Background

Rubus is the largest genus in the family Rosaceae, with approximately 700 species. Plants are widely distributed in the temperate and sub-tropical regions of the Northern Hemisphere, with only a few species found in the Southern Hemisphere. There are more than 208 species found in China, 139 of which are endemic [1]. There is a growing interest in the abundance of regional taxonomic treatments, new species, and new accounts of the genus Rubus in China [2,3,4,5,6,7,8,9,10,11,12].

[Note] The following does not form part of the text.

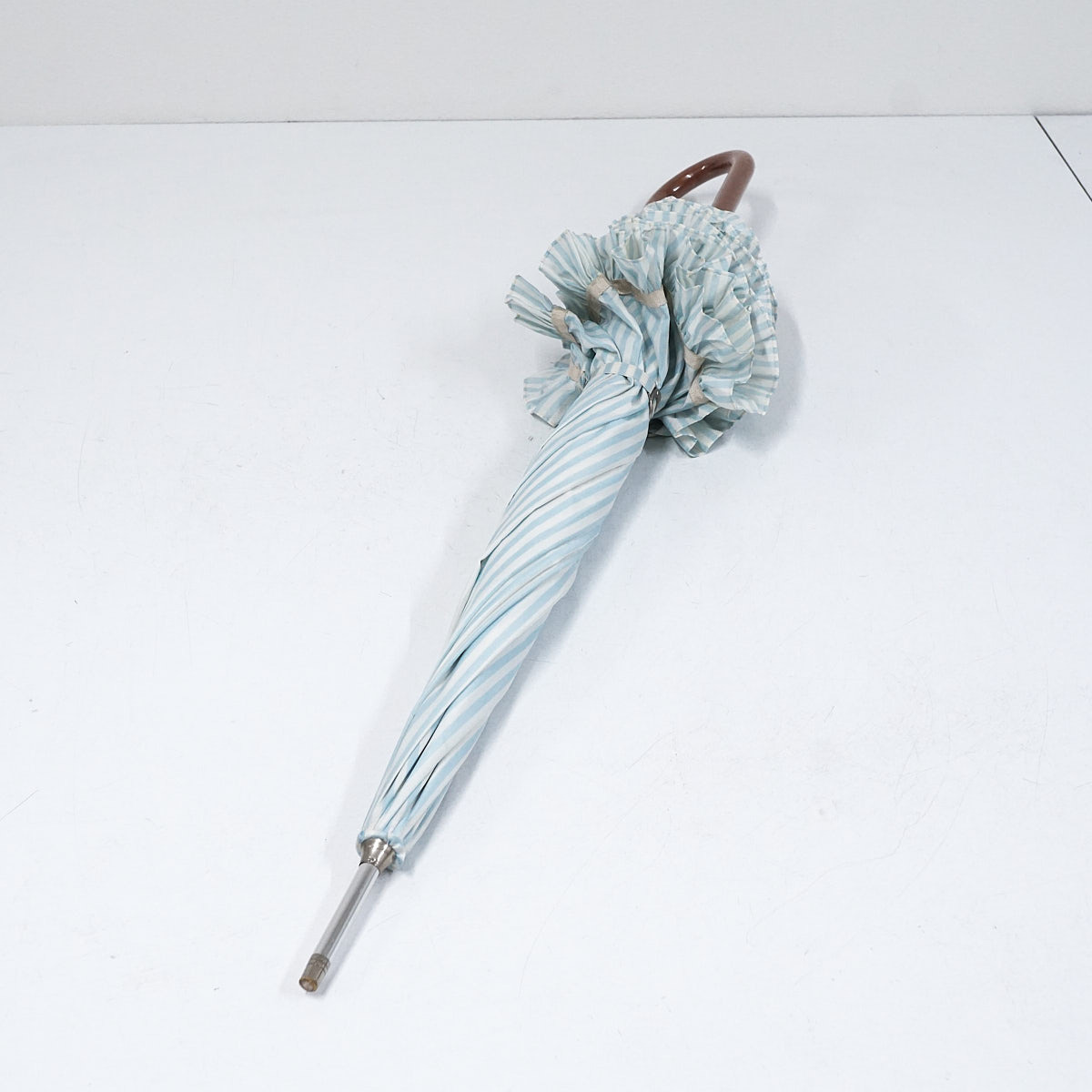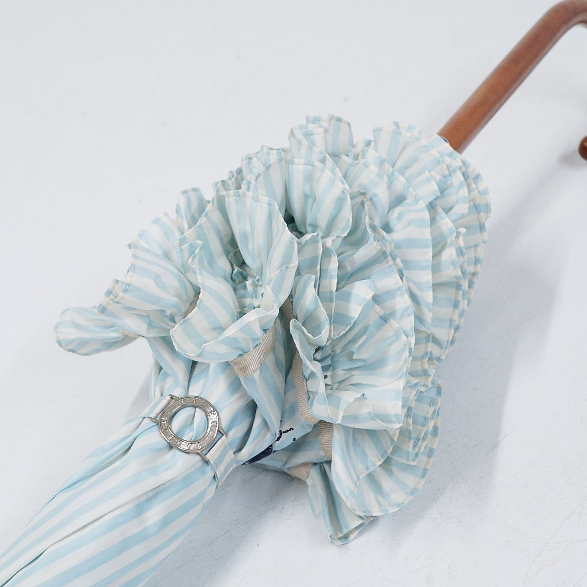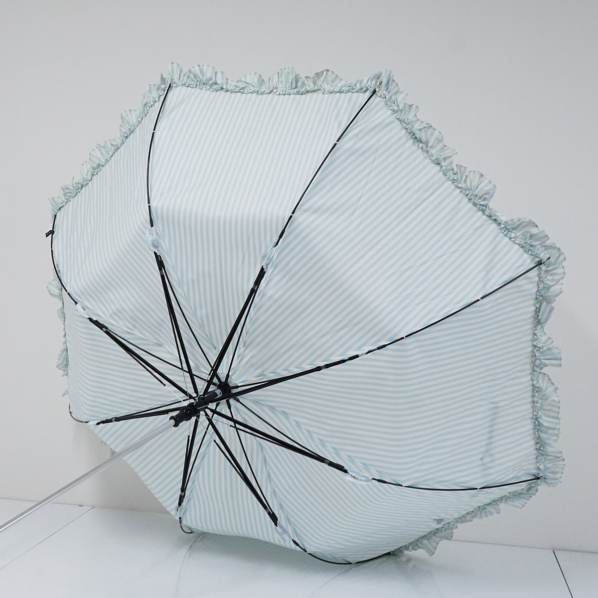 爽やかなストライプ柄とフリルの組み合わせが上品なかわいさのアンブレラです。

Rubus has been used in traditional Chinese medicine since ancient times. The fruits are well-known in Asia, Europe, and North America and have a long history of usefulness in these regions, especially in some European countries. Some natural species, such as R. corchorifolius, are widely cultivated for their medicinal, edible, and ornamental value.

Rubus is well-known for its diversity, leaf shape, inflorescence architecture, reproductive pattern, and other features. The plant is typically armed with bristles, prickles, or glandular hairs; the leaf exhibits simple, palmate, or pinnate shapes; flowers are pentamerous and mostly bisexual; achenes are drupelets or drupaceous and are aggregated on a penduncle as semispherical, conical, or cylindrical fruits [1]. Rubus is one of the most difficult taxa of flowering plants to classify due to its highly variable morphologies, and its complicated apomixis, polyploidy, and hybridization [13, 14]. Therefore, it is essential to construct a phylogeny tree using molecular evidence to better understand the relationships between species and improve the development and utilization of wild germplasm resources.

The most widely-accepted taxonomic system of the genus Rubus was built by Focke [15,16,17]. According to Focke, Rubus was separated into 12 subgenera, the largest being Rubus (132 species), Idaeobatus (117 species), and Malachobatus (115 species). Rubus is found mainly in Europe and North America, according to Flora of China (FOC), while Malachobatus and Idaeobatus are typically found throughout Asia, especially China [1].

Several molecular phylogenetic studies have tried to resolve the genetic relationships of Rubus [13, 18,19,20,21,22]. Wang et al. (2016) selected three chloroplasts (rbcL, rpl20-rps12, and trnG-trnS) and three nuclear genetic markers (nrITS, GBSSI-2, and PEPC) to resolve the phylogenetic relationships of 142 Chinese Rubus species, in which the phylogeny showed a certain degree of inadequacy between the chloroplast and nuclear markers.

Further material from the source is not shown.